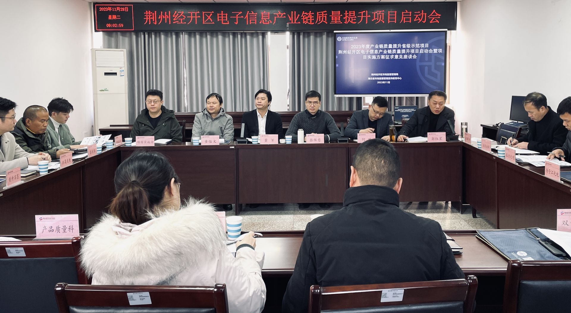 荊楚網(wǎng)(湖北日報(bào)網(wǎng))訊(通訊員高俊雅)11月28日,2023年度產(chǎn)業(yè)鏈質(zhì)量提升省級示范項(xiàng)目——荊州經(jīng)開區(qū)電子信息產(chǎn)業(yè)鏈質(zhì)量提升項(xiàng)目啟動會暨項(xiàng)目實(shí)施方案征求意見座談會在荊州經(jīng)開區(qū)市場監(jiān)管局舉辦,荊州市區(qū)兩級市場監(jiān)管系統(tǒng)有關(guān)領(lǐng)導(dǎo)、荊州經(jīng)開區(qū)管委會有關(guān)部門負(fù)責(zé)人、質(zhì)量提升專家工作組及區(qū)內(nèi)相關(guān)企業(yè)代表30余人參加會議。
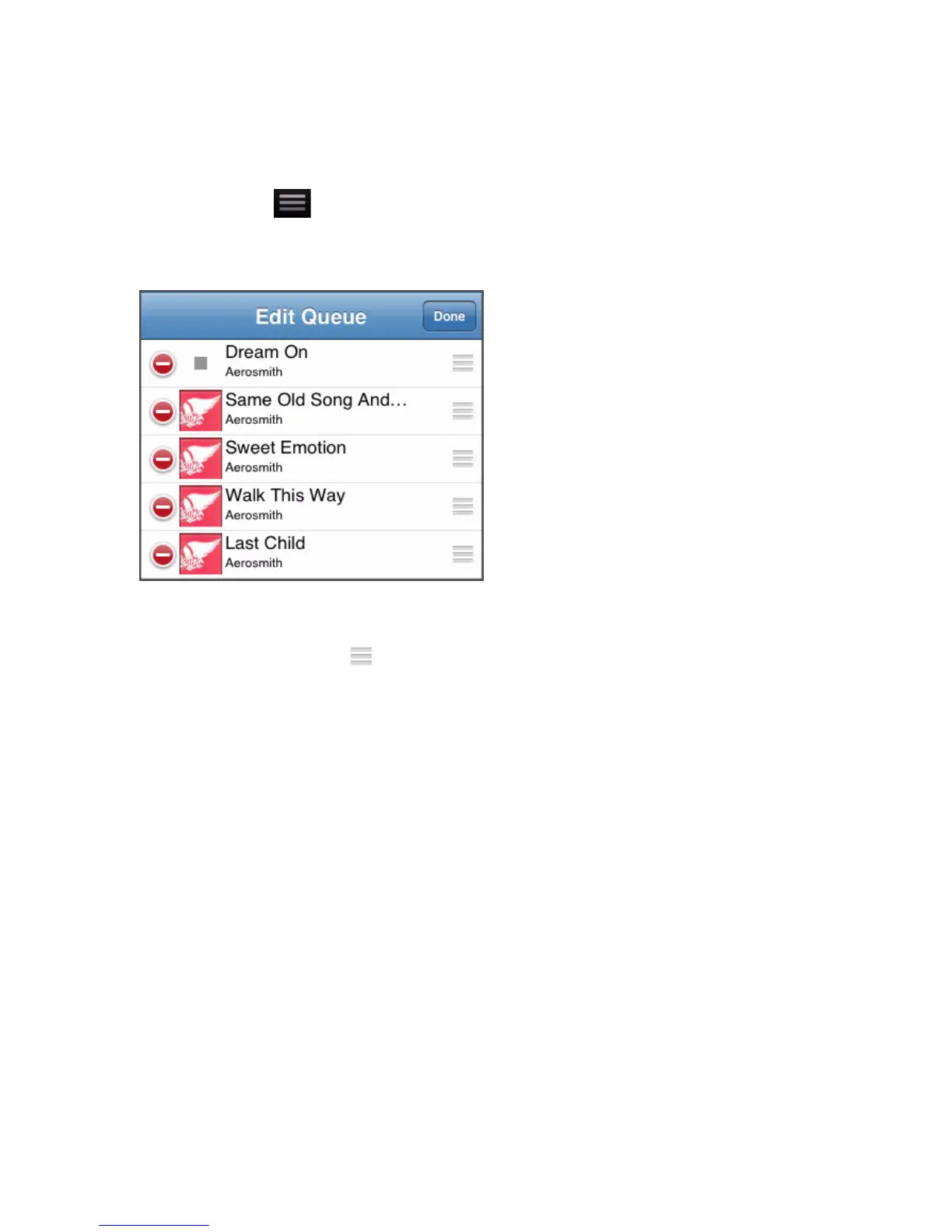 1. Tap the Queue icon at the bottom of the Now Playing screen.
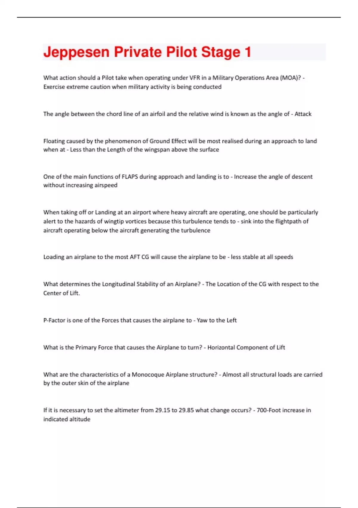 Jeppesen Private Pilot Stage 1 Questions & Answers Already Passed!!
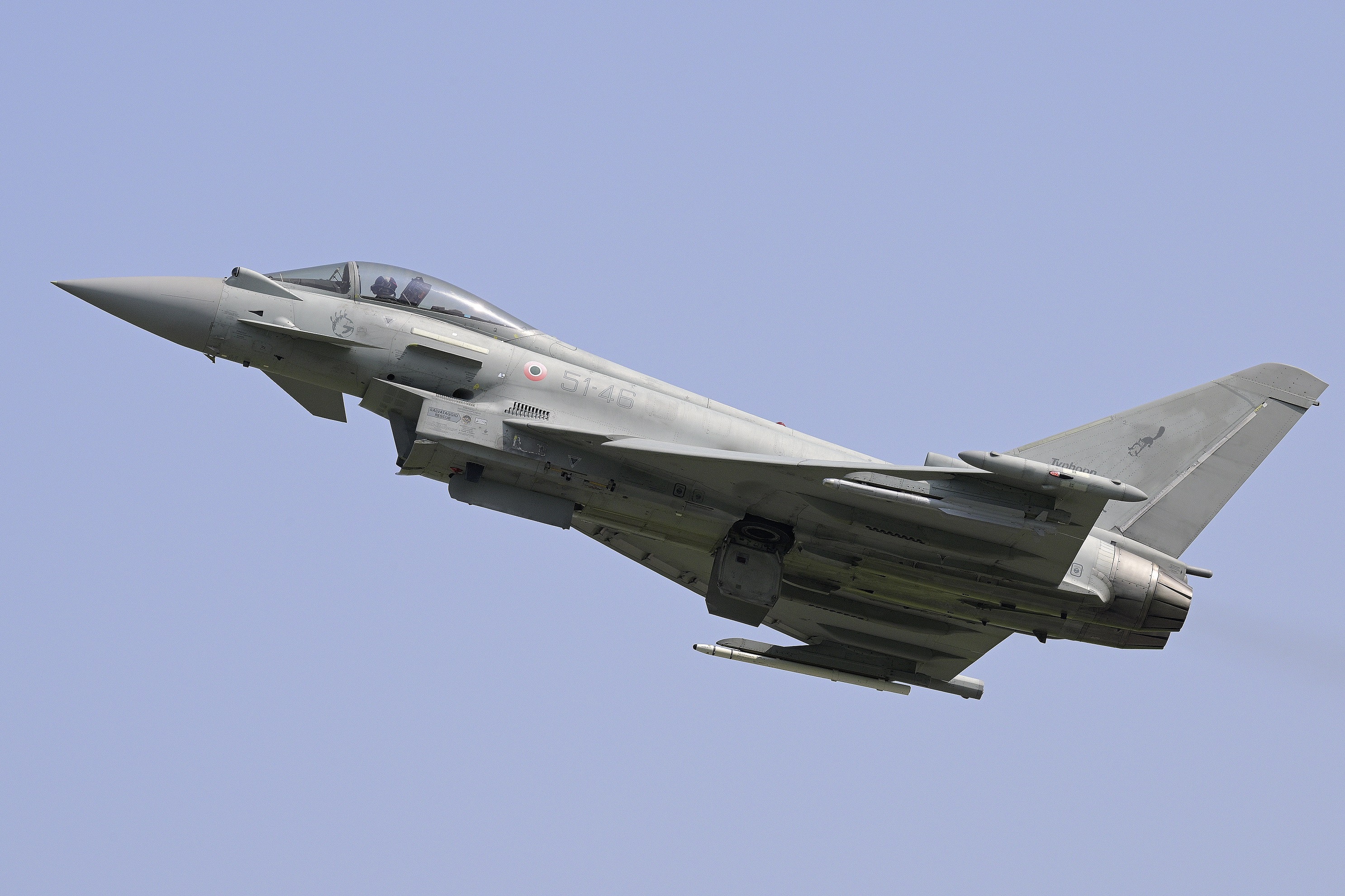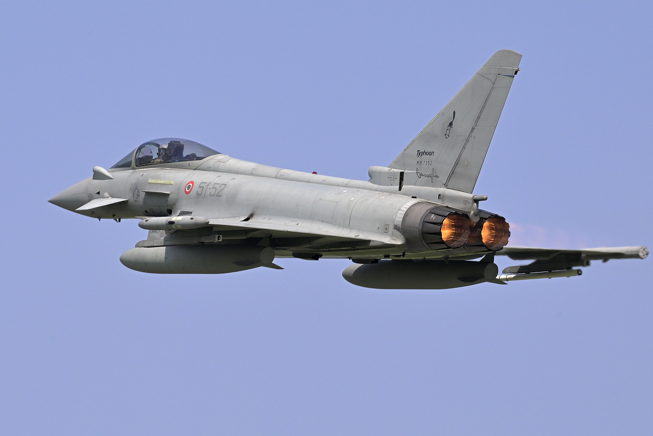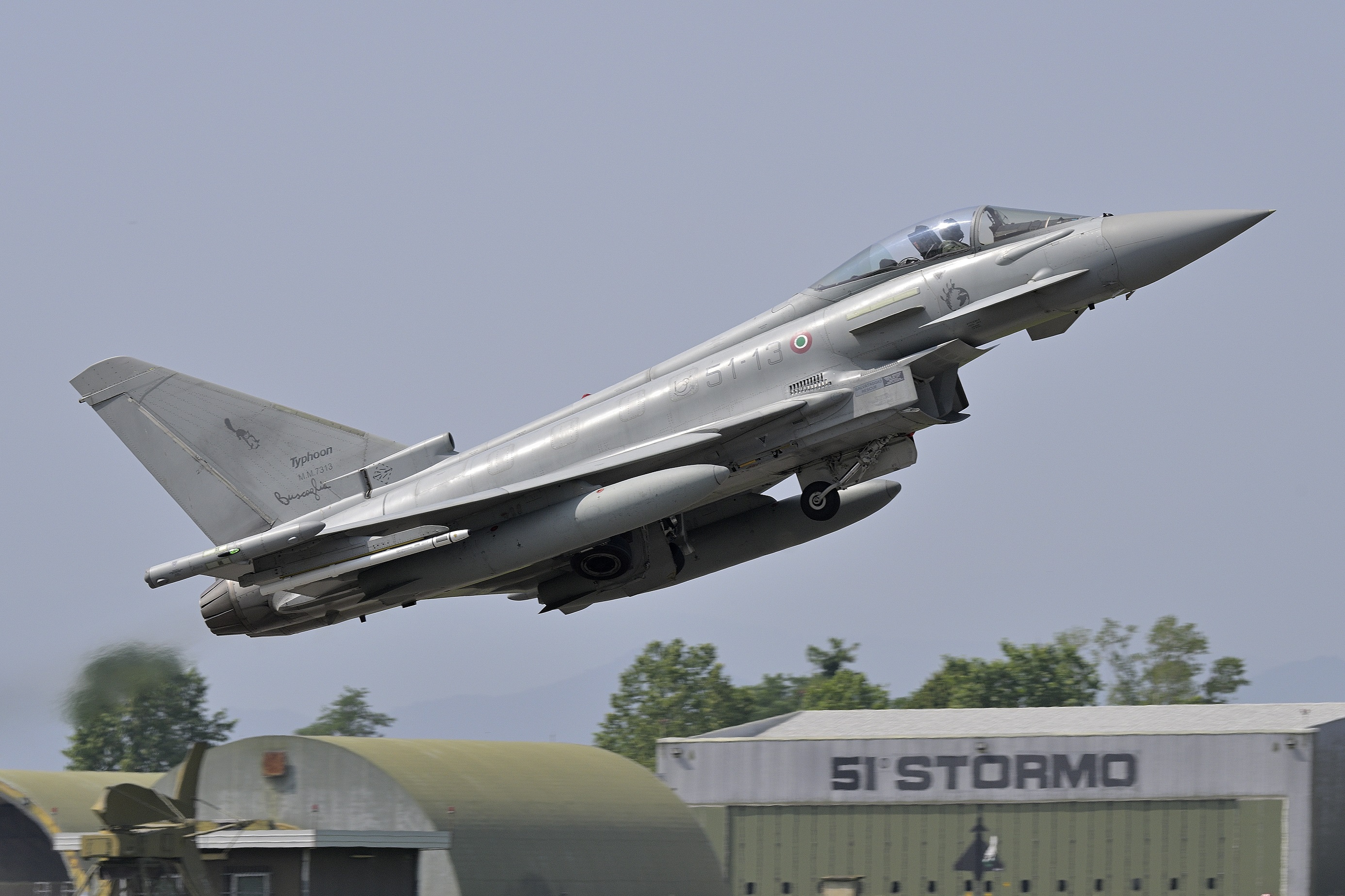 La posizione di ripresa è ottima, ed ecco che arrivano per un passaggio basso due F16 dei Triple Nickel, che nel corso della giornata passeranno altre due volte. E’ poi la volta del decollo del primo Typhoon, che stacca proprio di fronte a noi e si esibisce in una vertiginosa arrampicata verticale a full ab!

---

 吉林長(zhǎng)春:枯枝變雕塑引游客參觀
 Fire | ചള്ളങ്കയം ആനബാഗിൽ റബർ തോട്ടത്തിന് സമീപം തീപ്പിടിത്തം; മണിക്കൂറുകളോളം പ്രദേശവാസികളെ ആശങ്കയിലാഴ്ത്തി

==

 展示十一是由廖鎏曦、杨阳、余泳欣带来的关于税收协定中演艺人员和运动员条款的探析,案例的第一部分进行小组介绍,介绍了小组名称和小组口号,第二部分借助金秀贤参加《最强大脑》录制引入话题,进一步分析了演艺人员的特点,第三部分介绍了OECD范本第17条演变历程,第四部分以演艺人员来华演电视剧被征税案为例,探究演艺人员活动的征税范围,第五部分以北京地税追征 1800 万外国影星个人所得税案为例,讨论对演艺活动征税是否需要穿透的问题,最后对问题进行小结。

Your objective
Precisely those lines above that run from the line with "Jeppesen Private Pilot" up to and including the line with "La posizione di" are to be set down, with the pictures omitted.

Final answer
 Jeppesen Private Pilot Stage 1 Questions & Answers Already Passed!!
 La posizione di ripresa è ottima, ed ecco che arrivano per un passaggio basso due F16 dei Triple Nickel, che nel corso della giornata passeranno altre due volte. E’ poi la volta del decollo del primo Typhoon, che stacca proprio di fronte a noi e si esibisce in una vertiginosa arrampicata verticale a full ab!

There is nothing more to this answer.